Task>
Leave out the pictures and reproduce all of the data exactly.

Data items:
>>

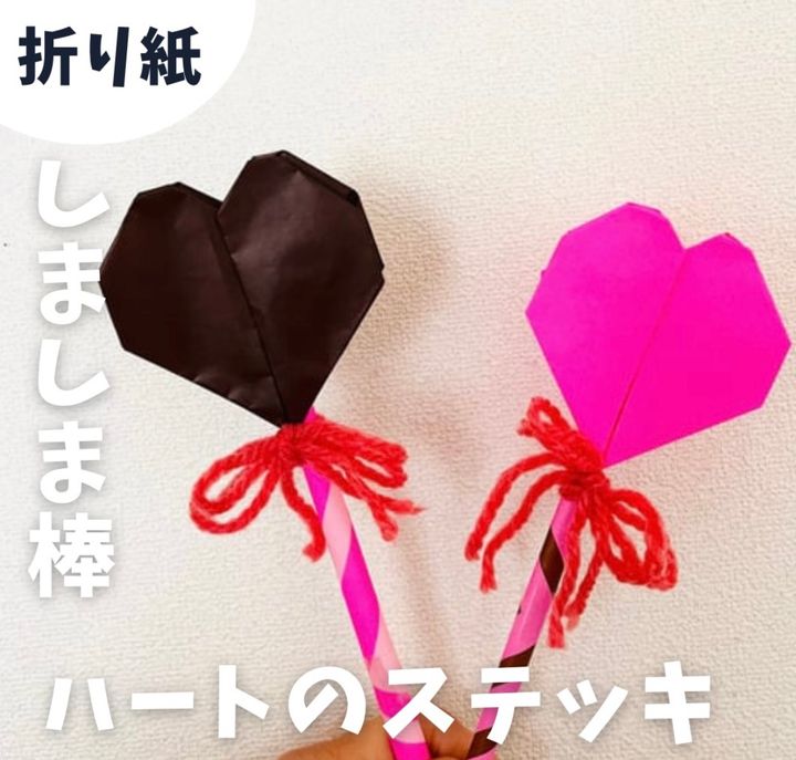【バレンタイン工作】しましま棒のハートステッキを折り紙で作ろう!
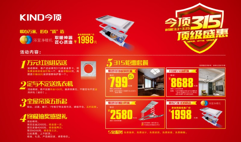 萬元紅包進店送:活動期間,客戶進店填寫315質量監(jiān)督卡,即免費送微信現(xiàn)金紅包一個,最高領取88元,再贈送價值68元廚房煙管保護套一個。
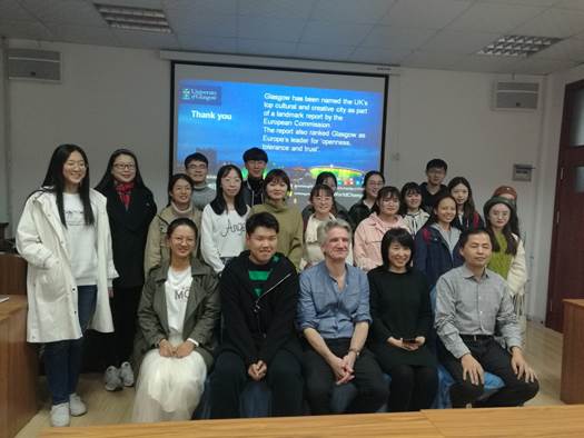 Tom教授首先对格拉斯哥大学大学进行了一个简单的介绍,学校有着优美的环境,悠久的历史,强大的学术背景和浓郁的学术氛围,注重创新思维和跨学科教育,有着来自140多个国家的29000多名学生,是一所十分国际化的大学。
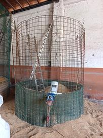 Silos per granaglie con coclea compresa. Misure diametro 6 metri, altezza 5 metri (componibile 5 stadi da 1 metro). Coclea compresa. Nel prezzo anche secondo silos fatto artigianalmente circa 3 metri di diametro, altezza 4 metri. Coclea compresa.
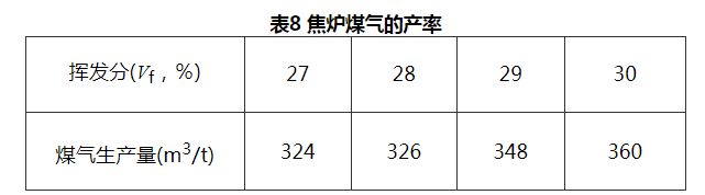 根据一些焦化厂的生产统计数据证明:当配煤挥发分在“28%~30%”时,煤气发生量平均值为“345m3/t”。但南方一些煤气厂和焦化厂操作条件有所不同,即使在配煤情况相近时,煤气发生量也不相同,因此只能规定其波动范围(见表8)。
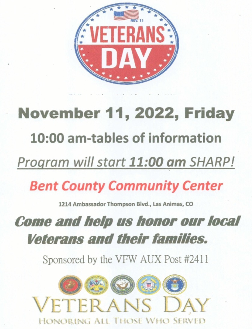VETERANS DAY ANNOUNCEMENT: The Las Animas VFW Auxiliary #2411 is proud to announce Veterans Day activities for November 11th. We will hang the Avenue of Flags in Las Animas and McClave/Hasty at 7:00 am and take down at 4pm. All volunteers will be ...
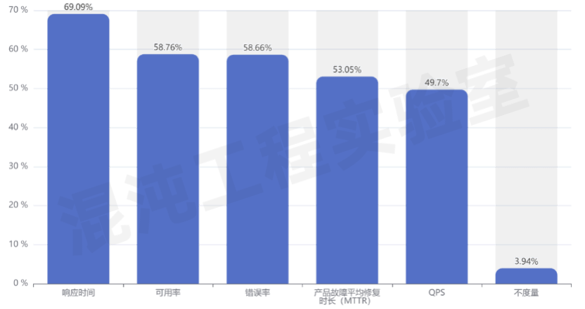 1)产品可用性度量维度多样:响应时间、可用率和错误率的选择人数明显较高,是度量产品可用性时最常使用的指标。有近 70% 的用户采用响应时间作为产品可用性度量标准之一,除此之外,可用率和错误率的选择人数也接近 60%。

<<

Answer to this exercise>
【バレンタイン工作】しましま棒のハートステッキを折り紙で作ろう!
 萬元紅包進店送:活動期間,客戶進店填寫315質量監(jiān)督卡,即免費送微信現(xiàn)金紅包一個,最高領取88元,再贈送價值68元廚房煙管保護套一個。
 Tom教授首先对格拉斯哥大学大学进行了一个简单的介绍,学校有着优美的环境,悠久的历史,强大的学术背景和浓郁的学术氛围,注重创新思维和跨学科教育,有着来自140多个国家的29000多名学生,是一所十分国际化的大学。
 Silos per granaglie con coclea compresa. Misure diametro 6 metri, altezza 5 metri (componibile 5 stadi da 1 metro). Coclea compresa. Nel prezzo anche secondo silos fatto artigianalmente circa 3 metri di diametro, altezza 4 metri. Coclea compresa.
 根据一些焦化厂的生产统计数据证明:当配煤挥发分在“28%~30%”时,煤气发生量平均值为“345m3/t”。但南方一些煤气厂和焦化厂操作条件有所不同,即使在配煤情况相近时,煤气发生量也不相同,因此只能规定其波动范围(见表8)。
VETERANS DAY ANNOUNCEMENT: The Las Animas VFW Auxiliary #2411 is proud to announce Veterans Day activities for November 11th. We will hang the Avenue of Flags in Las Animas and McClave/Hasty at 7:00 am and take down at 4pm. All volunteers will be ...
 1)产品可用性度量维度多样:响应时间、可用率和错误率的选择人数明显较高,是度量产品可用性时最常使用的指标。有近 70% 的用户采用响应时间作为产品可用性度量标准之一,除此之外,可用率和错误率的选择人数也接近 60%。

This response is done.